We wish to thank our colleagues at the Rock Art Research Institute and Geoff Blundell at the KwaZulu-Natal Museum. We are grateful to Will and Jill Pringle, Denham Pringle and Andrew Pringle, Louw de Beer, Mr and Mrs Bennett and Bruce Rodney for accommodating us on our fieldwork excursions. We thank Jeremy Hollmann and Pieter Jolly for comments on drafts of this article. We further thank the University of the Witwatersrand library for the scanned image of Júli and sculptor Barry Jackson, as well as Sarah Haines at the National Heritage Project Company for the image of Louis van Mauritius. We thank the editors for their invitation to attend the SAA conference session in Albuquerque, New Mexico in 2019 and their attention to detail on our manuscript. Any omissions or errors are entirely our own.

Notes on contributors

Brent Sinclair-Thomson is a PhD candidate at the Rock Art Research Institute, University of the Witwatersrand, South Africa. He has a special interest in the rock art of mixed-ethnic bandit groups and how this medium relates to resistance to colonialism, as well as how the interaction between different ethnic groups are manifested and reflected in rock art, particularly the ‘indigenising’ of the gun.

Sam Challis is Head and Senior Researcher at the Rock Art Research Institute, University of the Witwatersrand. His focus is on the interaction between hunter-gatherers, pastoralists and farmers, as well as Europeans, as expressed in rock art around the world. His DPhil focused on the acquisition of horses by creolised raider groups in the nineteenth-century, and his current research programme in Matatiele aims to redress the imbalance of this neglected former-apartheid region while training local community Field Technicians.

Notes

1 Our definition of ‘slaves’ is explained presently.

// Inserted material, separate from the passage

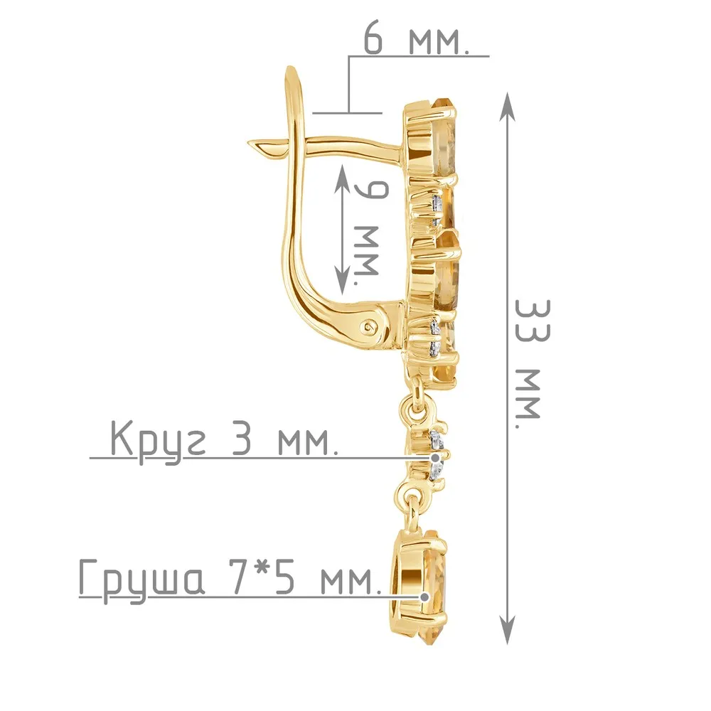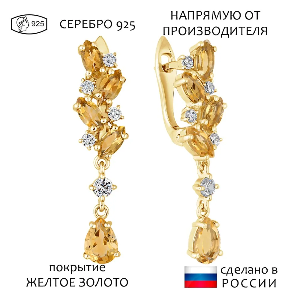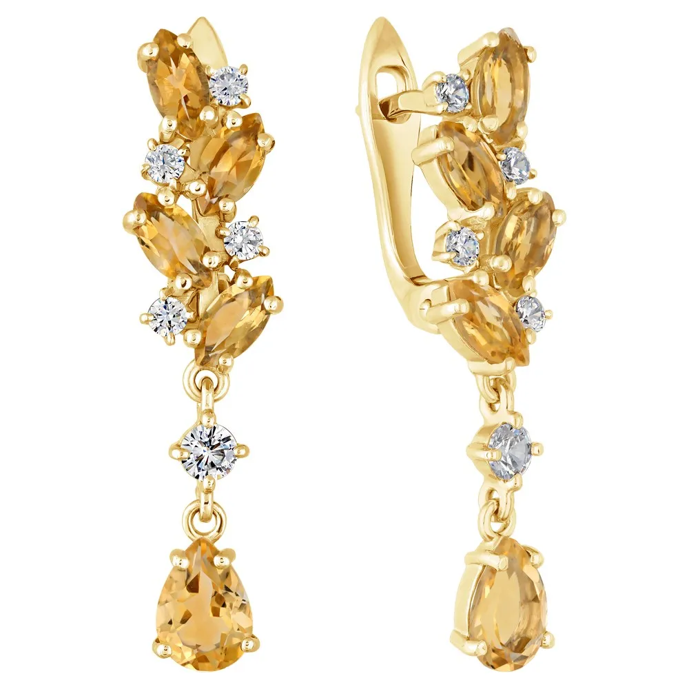 Серебряные серьги с натуральным цитрином - коллекция Росинка / Желтое Золото.

2 Nomenclature deriving from High Dutch, Cape Dutch, Farm Dutch (Boeretaal) and Afrikaans all ultimately relates to Dutch occupation of the Cape in 1652 and subsequent colonisation. British colonists after 1795 adopted many such words, for example Boschiesman from which Bushman is derived.

3 The progeny of relations between the immigrant and indigenous Khoe-San slaves were known as ‘Bastaard-Hottentots’ (Newton-King Citation1999: 117). As children, ‘Bastaard-Hottentots’ were usually raised similarly to their parents in unfree labour, from which they were legally entitled to leave after a certain period. This allowance of freedom, however, was not always observed (Penn Citation2005: 20) — yet further evidence of conditions from which one might wish to escape.

4 The exact number of slaves from each region is uncertain owing to missing records coupled with illegal slave dealing not sanctioned by the VOC (Armstrong and Worden Citation1989: 115). What is known is that during the period 1680–1731 48.5% of the 3283 slaves imported to the colony were from Madagascar, while 31.6% were from India and Indonesia. 19.8% were not identified (Armstrong and Worden Citation1989: 121).

5 Although pejorative, this term is useful for illustrating the interactions between immigrant and indigenous slaves.

6 The precise number of sites is at present unknowable because survey work is still very piecemeal. In our fieldwork in the Stormberg region, we found four painted rock shelters and in the Winterberg region a further five. Two additional shelters were found in the Windvogelberg to the east of the Winterberg, along with a single shelter in the Zuurberg. There are probably many more. This is not even taking into account the 100+ sites with horses in the Maloti-Drakensberg Mountains.